APT Groups Attacking Healthcare and Essential Services Says DHS and NCSC
The United States Department of Homeland Security (DHS) Cybersecurity and Infrastructure Security Agency (CISA) and the United Kingdom National Cyber Security Centre (NCSC) issued a joint alert today. CISA Alert AA20-126A concerns malicious activity carried on by Advanced Persistent Threat (APT) Groups. The cyberattacks continue to target international healthcare oragnizations, medical research facilities, pharmaceutical companies, schools, and local governments.
The advisory concerns UK and US healthcare organizations involved in the worldwide Coronavirus response.
CISA Alert AA20-126A alert states, “CISA and NCSC are currently investigating a number of incidents in which threat actors are targeting pharmaceutical companies, medical research organizations, and universities. APT groups frequently target such organizations in order to steal sensitive research data and intellectual property for commercial and state benefit.” Although the alerts do not state who the suspected targets are cyber security researchers believe that they are referencing Chinese and Russian state-sponsored hackers due to the volume of the attacks.
READ: The Most Common Hacked Passwords
APT hackers are using password spraying attacks in large scale attempts to breach user accounts. It is believed the attackers are trying to steal information related to the COVID-19 pandemic.

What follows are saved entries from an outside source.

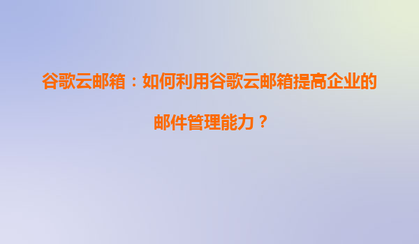 2025-08-13谷歌云邮箱:谷歌云邮箱如何帮助企业快速应对业务沟通需求? 一、引言:现代企业沟通的挑战与需求 在全球化与数字化浪潮下,企业需要高效、安全且灵活的沟通工具来应对复杂业务场景。传统邮箱系统往往面临...
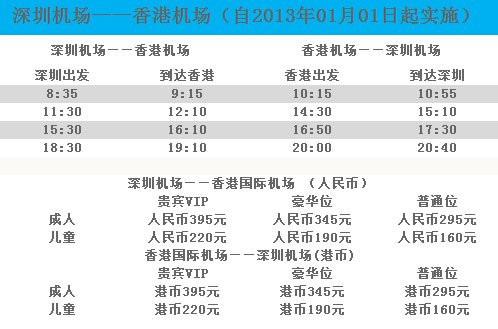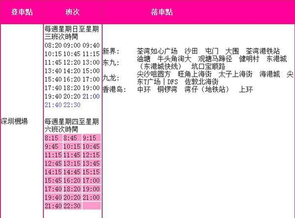 ①深圳机场——香港巴士时刻表(全程75分钟,票价150港币)。
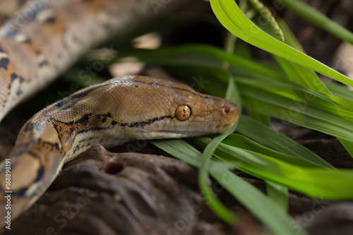 © kaiskynet, Obraz premium Reticulated python, Boa constrictor snake on tree branch
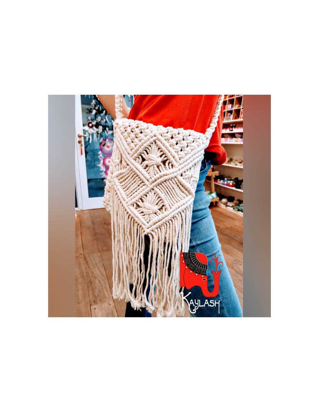 Sostenibilidad Real: Al estar fabricado con materiales naturales y procesos manuales, el Morral de Macramé es una elección rítmicamente responsable con el medio ambiente.
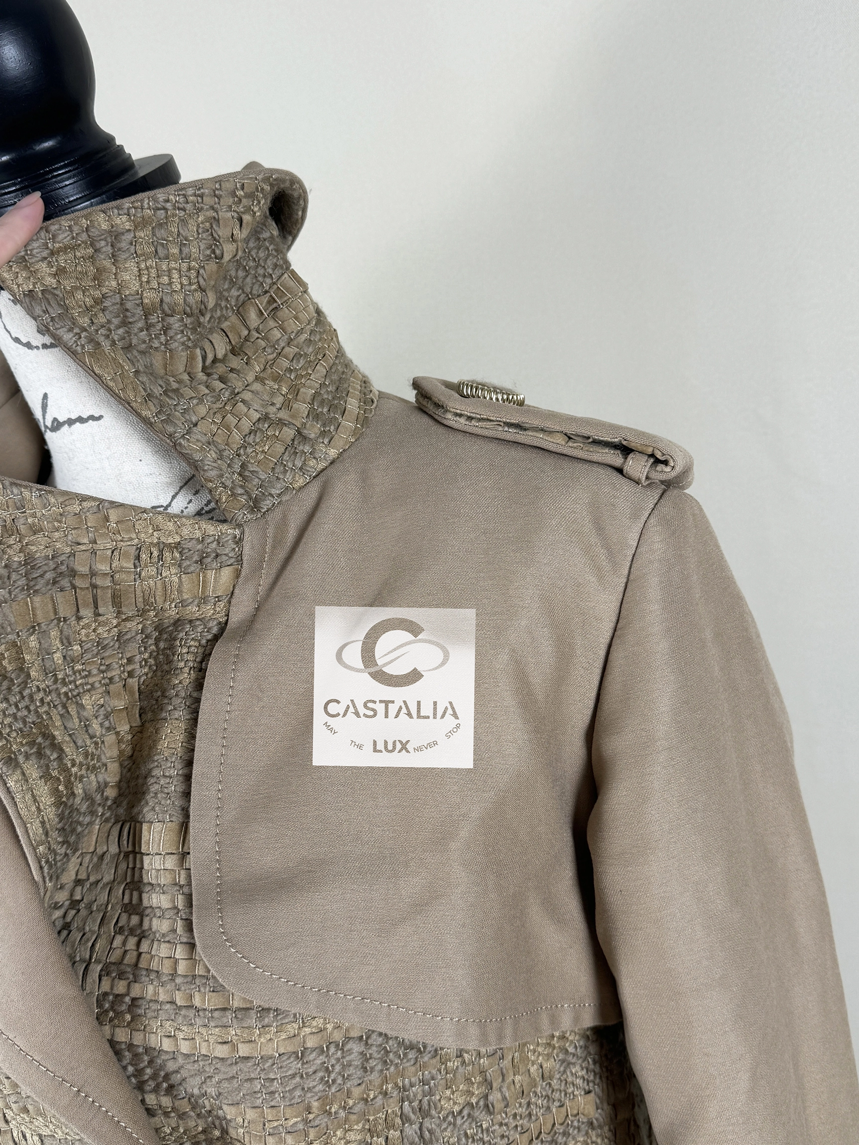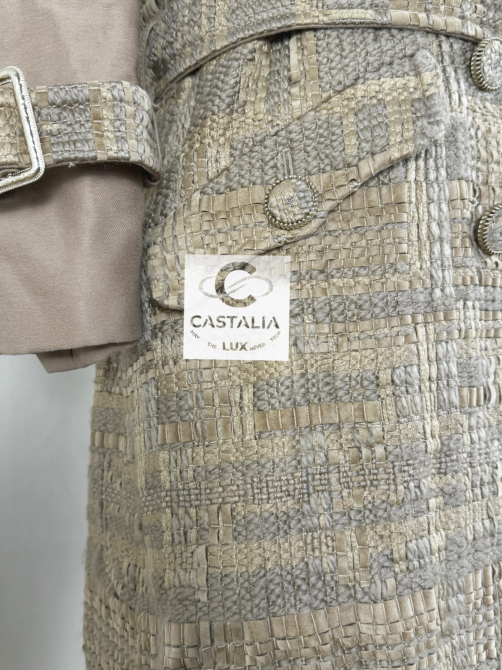 — Fashioned from the softest sand-beige Lesage ribbon tweed, the coat shimmers with quiet luminosity — like sunlight caught upon ancient stone
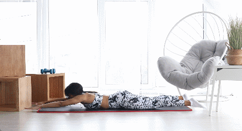 매트에 배를 대고 엎드린 상태에서 팔을 앞으로 쭉 뻗습니다. 상체와 하체를 동시에 공중으로 들어 올립니다. 이때 몸을 가능한 한 길게 늘여주세요. 천천히 원래 자세로 돌아옵니다.
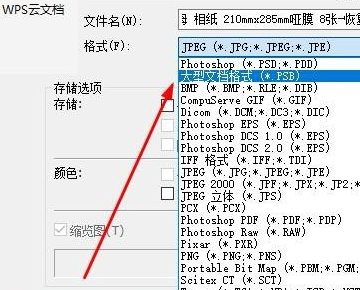 四、如下图,前两个就是psd和大型文档格式psb,根据当前文件高宽大小,选择保存的格式,最后点击保存即可。
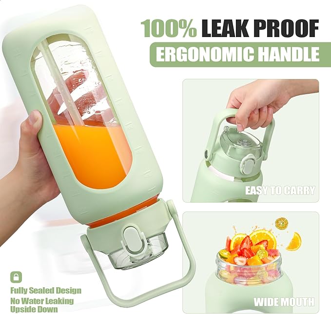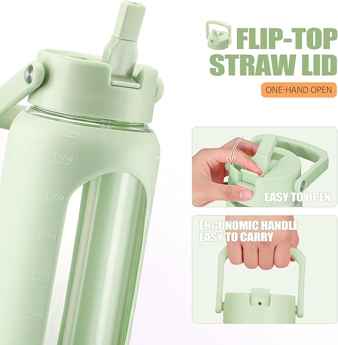 • TWO LIDS DESIGN: Our motivational glass water bottle boasts 2 lids, a flip lid and a spout lid, to meet your various needs of drinking on different occasions and making you get 2 bottles with 1 bottle’s cost.
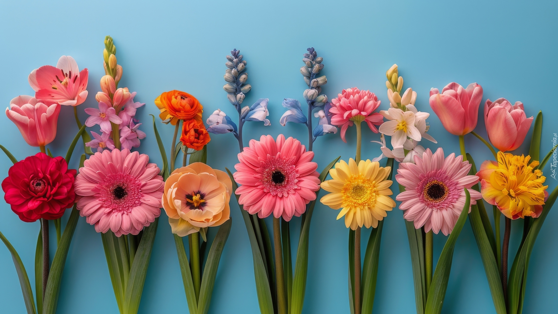 Edytor tapety: Dwa rzędy kolorowych kwiatów na niebieskim tle
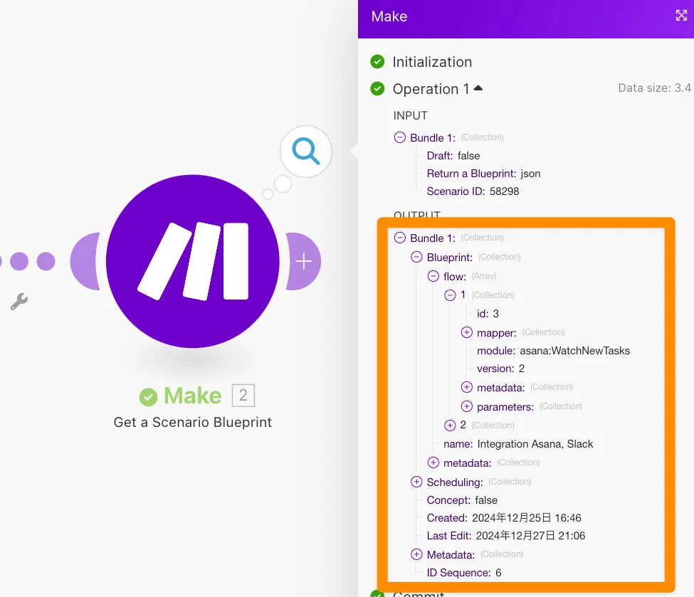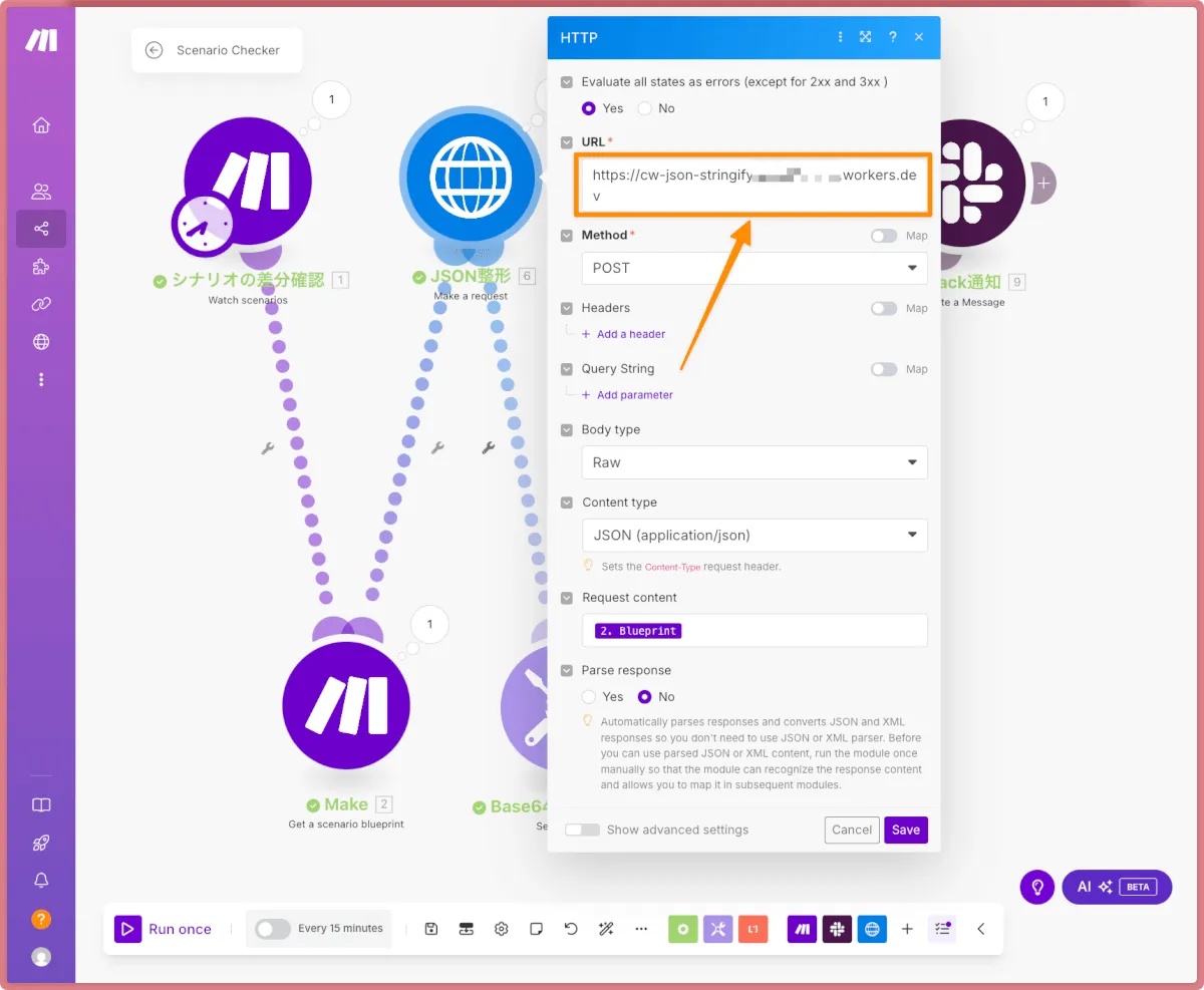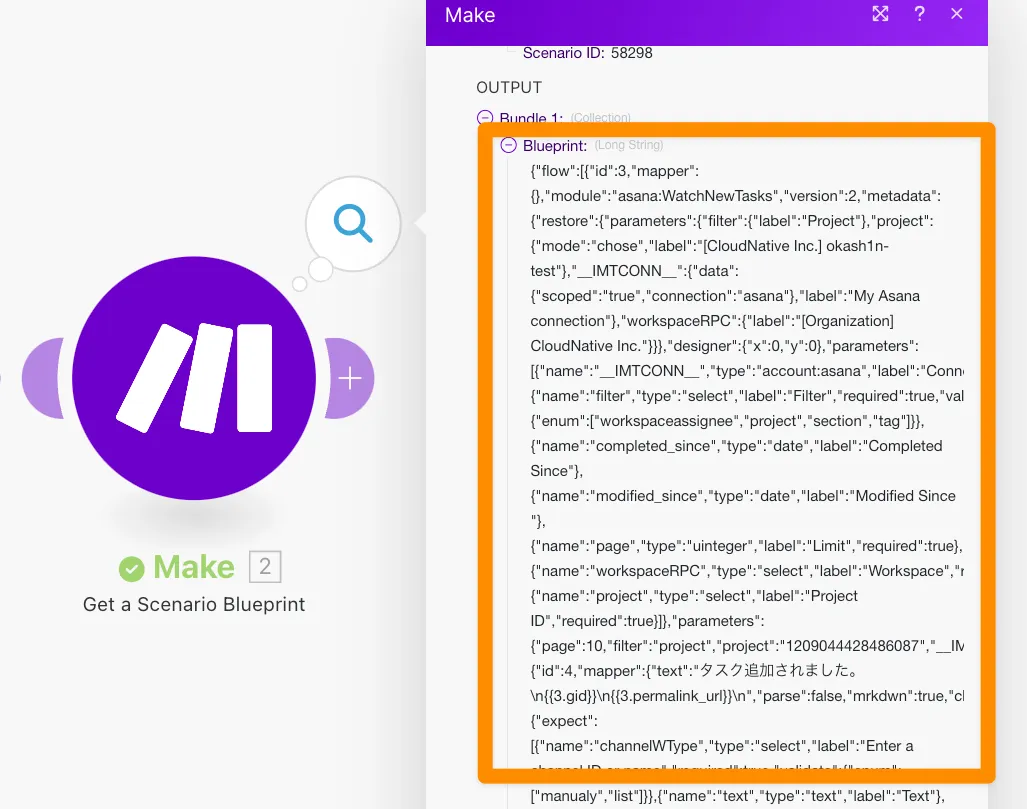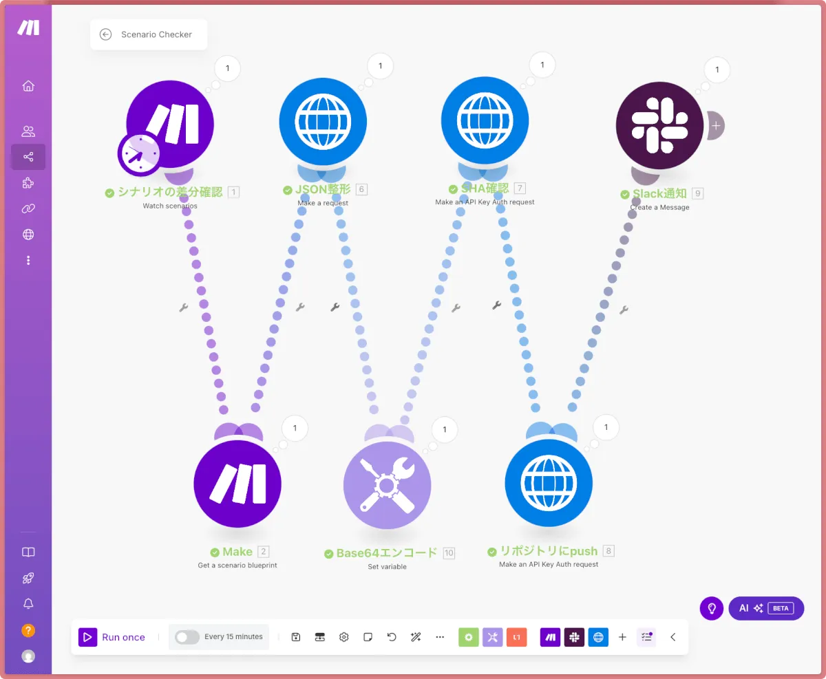 - 変更を検知したら、MakeのAPIを叩いて、変更後のシナリオのBlueprint(JSON)を取得
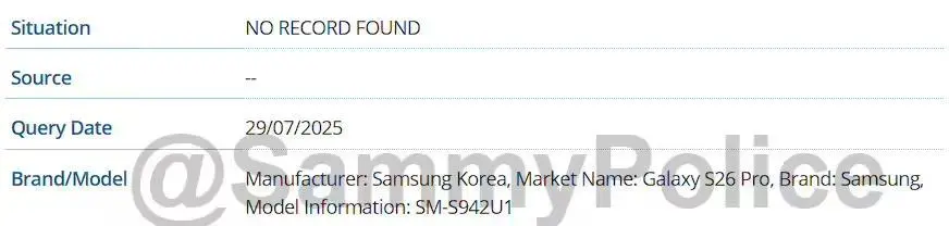 7 月 31 日消息,科技媒體 SammyPolice 于 7 月 29 日發(fā)布博文,通過挖掘 GSMA IMEI 數(shù)據(jù)庫,發(fā)現(xiàn)了新的證據(jù),表明三星 Galaxy S26 標(biāo)準(zhǔn)版將會(huì)被 Galaxy S26 Pro 替代。

What are Password Spraying Attacks?
A password spraying attack is type of brute-force cyber attack that attempts to break into an online account. Hackers use a list of common passwords to try and compromise multiple online user accounts. A single password is used on all the targeted user accounts. Then the hacker then moves on and tries another password against the same set of targeted accounts. This process can be automated to attack hundreds or thousands of accounts or services. Trying a password only once per account avoids automatic network lockouts and mandatory password resets due to trying too many passwords or rapid login attempts.
How to Create a Strong Password
- Never reuse a password on different systems and accounts.
- When given the option, use the longest password the system allows
- Always use complex passwords
- If you cannot remember complex passwords, use a password manager app to create and store them for you
- Do not use passwords that are based on personal information that can be easily found online or guessed
- Hackers are multilingual. Do not use words that can be found in any dictionary or refences books in any language
READ: Staying Home? Heed These WiFi Rules to Stay Safe
NCSC Director of Operations Paul Chichester said, “By prioritising any requests for support from health organisations and remaining in close contact with industries involved in the coronavirus response, we can inform them of any malicious activity and take the necessary steps to help them defend against it.”
What is an APT Hacker?
Advanced Persistent Threat groups, referred as APT groups, are organized hackers that work for governments. The hackers steal sensitive information, research, corporate secrets, and other data that is valuable to their nation-state sponsors. APT groups may also steal money to fund other activities for their country. Their targets typically include critical infrastructure, political organizations, and financial sectors. For a list of various APT groups and who they are believed to be working, read this post. Equation Group is the name for the hacking group that works for the United States.
Staff at organizations and facilities related to healthcare should change all weak passwords. Unique and hard-to-guess passwords should be used instead. UK NCSC recommends using three random words as a password. If an app, hardware or online account has two-factor authentication available, then use it to further secure your account. This can greatly reduce the changes of an account compromise.
Individuals are not immune from Coronavirus related cyberattacks. The surge of people working from home and attending school online has increased the use of vulnerable services like video conferencing and messaging apps. NCSC received over 25,000 reports of phishing attacks and took down 395 malicious websites connected to the campaigns.
“The trusted and continuous cybersecurity collaboration CISA has with NCSC and industry partners plays a critical role in protecting the public and organizations, specifically during this time as healthcare organizations are working at maximum capacity,” said Bryan Ware, CISA Assistant Director of Cybersecurity.